Study material: Begin

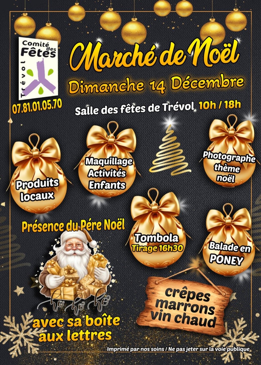Nous organisons notre marché de Noël le dimanche 14 décembre de 10h à 18h, à la salle socioculturelle de TREVOL et en extérieur.
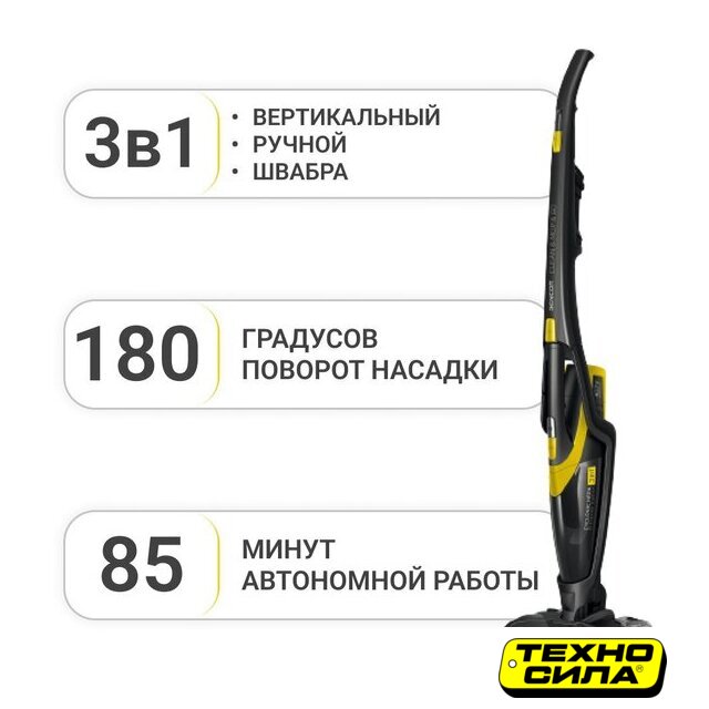 вертикальный 2-в-1/вертикальный с влажной уборкой, аккумулятор, потребление: 180 Вт, шум 70 дБ
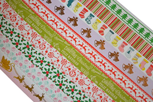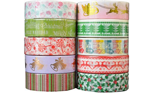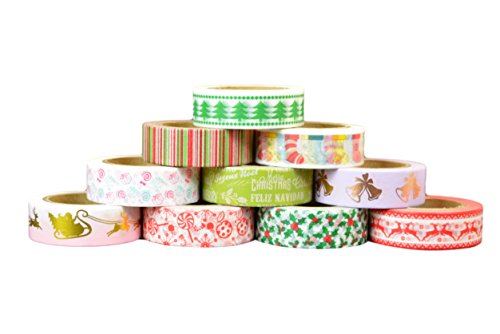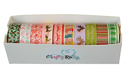 Crafty Rolls Decorative Washi Tape Set of 10 Rolls Assortment of Christmas Holiday Designs & Shapes for Scrapbooking Crafts & Gifts - Xmas
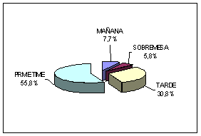Fuente: Elaboración propia con datos de GECA 3. El concurso en las parrillas televisivas Para analizar qué estrategias emplean las tres cadenas en la programación de los concursos de producción independiente, atenderemos a la tabla 4 y al siguiente gráfico 2: Tabla 4: Programación del concurso por cadenas y franjas (96-04)
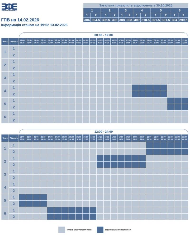 Графіки вимкнення електрики у Волинській області 14 лютого
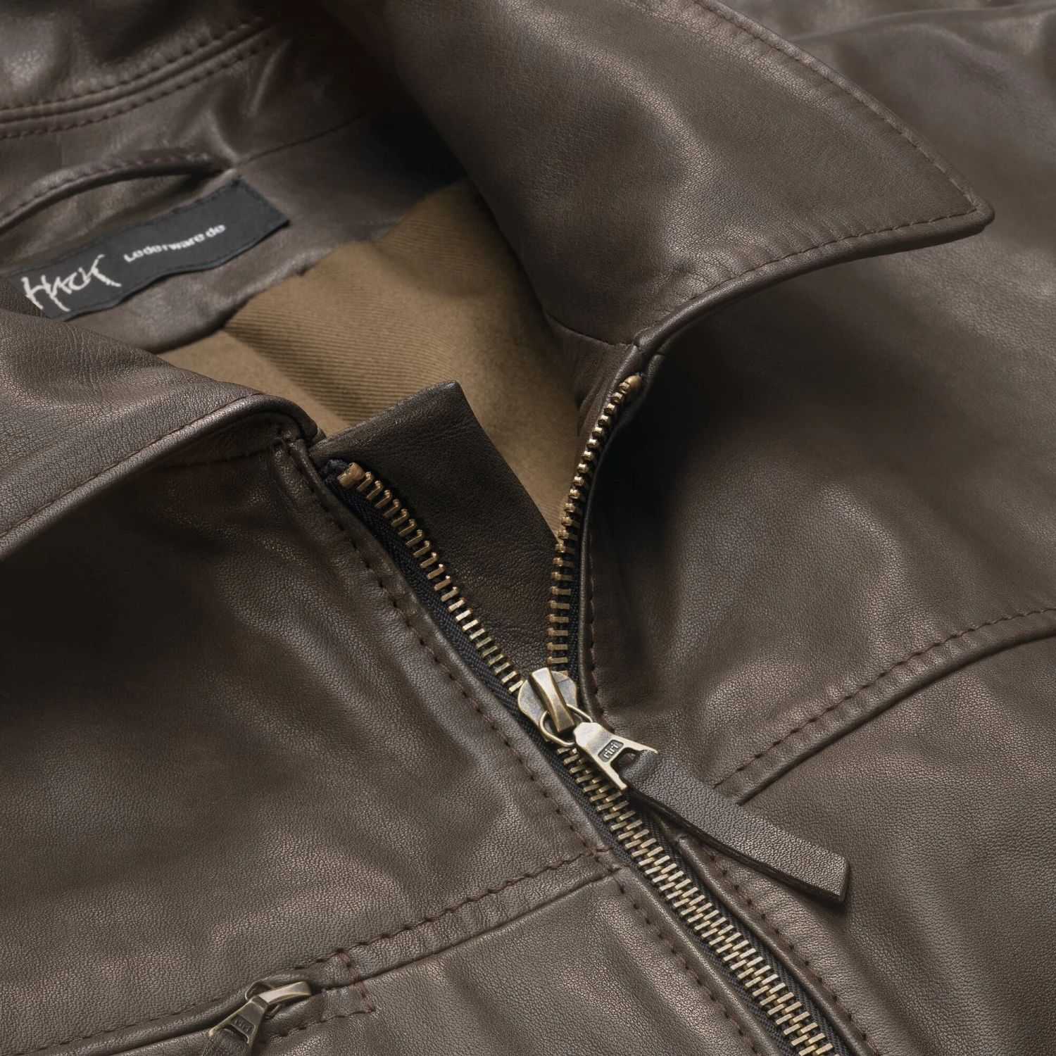 Achter Hack Lederware staat Christoph Hack, oprichter en fijn lederbewerker met een eigen atelier in Keulen. Hij werkt al tientallen jaren met een grote verscheidenheid aan leersoorten, waardoor hij een schat aan ervaring heeft opgedaan die doorwerkt in het ontwerp van de kledingstukken. Hack verwerkt bijvoorbeeld alleen leer met natuurlijke oppervlakken uit Duitsland, Italië en Scandinavië tot slijtvaste, functionele kleding en eenvoudige accessoires. De modellen van koeienhuid, paardenhuid en hertenhuid documenteren sporen van het leven van een dier, zoals insectenbeten of doornscheuren. Hun patina, dat zich ontwikkelt door beweging en veelvuldig dragen, is uitdrukkelijk gewenst omdat het bewijst dat het lederen kledingstuk met eer mag verouderen. Juist dit natuurlijke verouderingsproces geeft Hack jacks hun unieke “gezicht”. Ze worden samengesteld in het hoofdkantoor van Hack in Keulen en in een Pools partnerbedrijf.
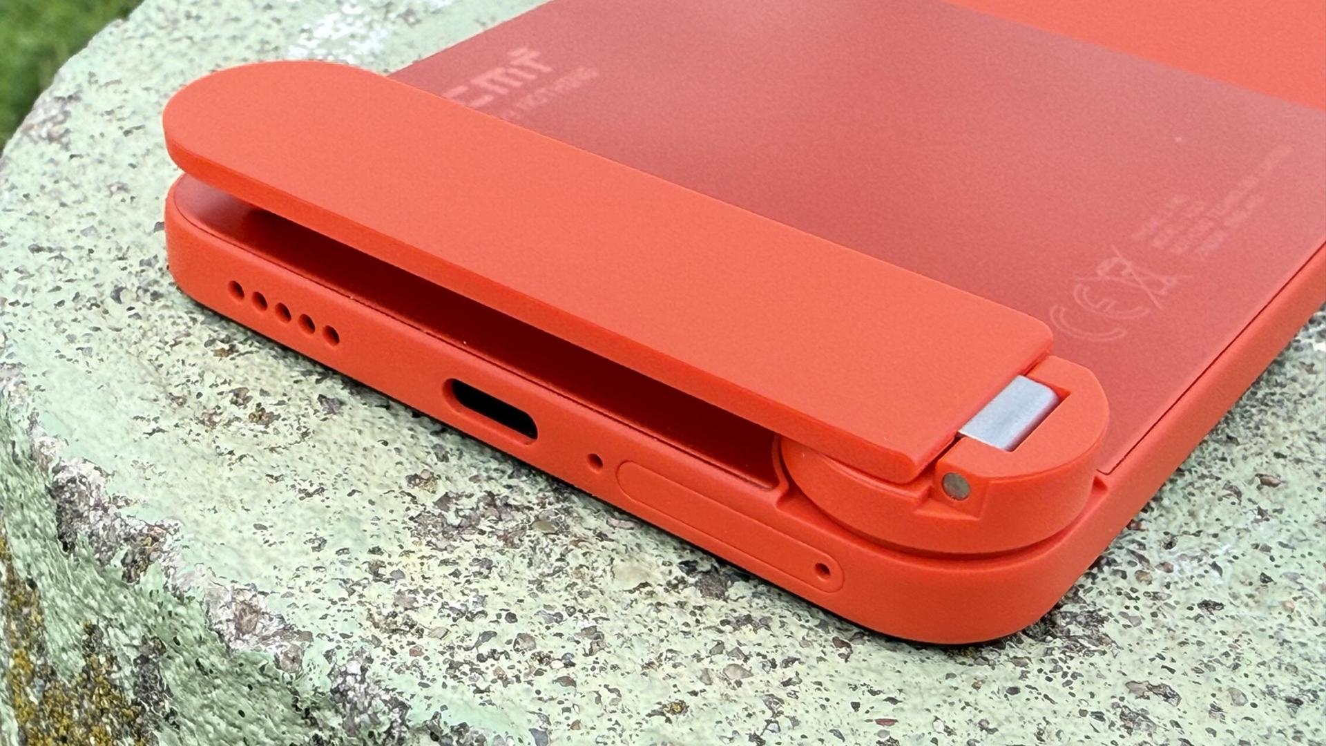 Nothingin CMF-puhelimille ainutlaatuinen ominaisuus eli modulaarisuus on toki tarjolla tässäkin mallissa. Puhelimen oikeassa alareunassa on suuri ruuvi, johon halutut lisävarusteet voi kiinnittää. Jos omistaa jo Phone 1 -mallin, voi samoja lisävarusteita kierrättää uuteenkin puhelimeen, esimerkiksi tukijalan ja hihnan, sillä ruuvikiinnitys on säilytetty samanlaisena. Todella käytännöllinen ja nerokas systeemi!

Study material: End

### Aim of the exercise:
The answer is the lines above from the one with "Fuente: Elaboración propia" to the one with "Графіки вимкнення електрики", set down exactly, with no pictures.

### Response to this exercise:
Fuente: Elaboración propia con datos de GECA 3. El concurso en las parrillas televisivas Para analizar qué estrategias emplean las tres cadenas en la programación de los concursos de producción independiente, atenderemos a la tabla 4 y al siguiente gráfico 2: Tabla 4: Programación del concurso por cadenas y franjas (96-04)
 Графіки вимкнення електрики у Волинській області 14 лютого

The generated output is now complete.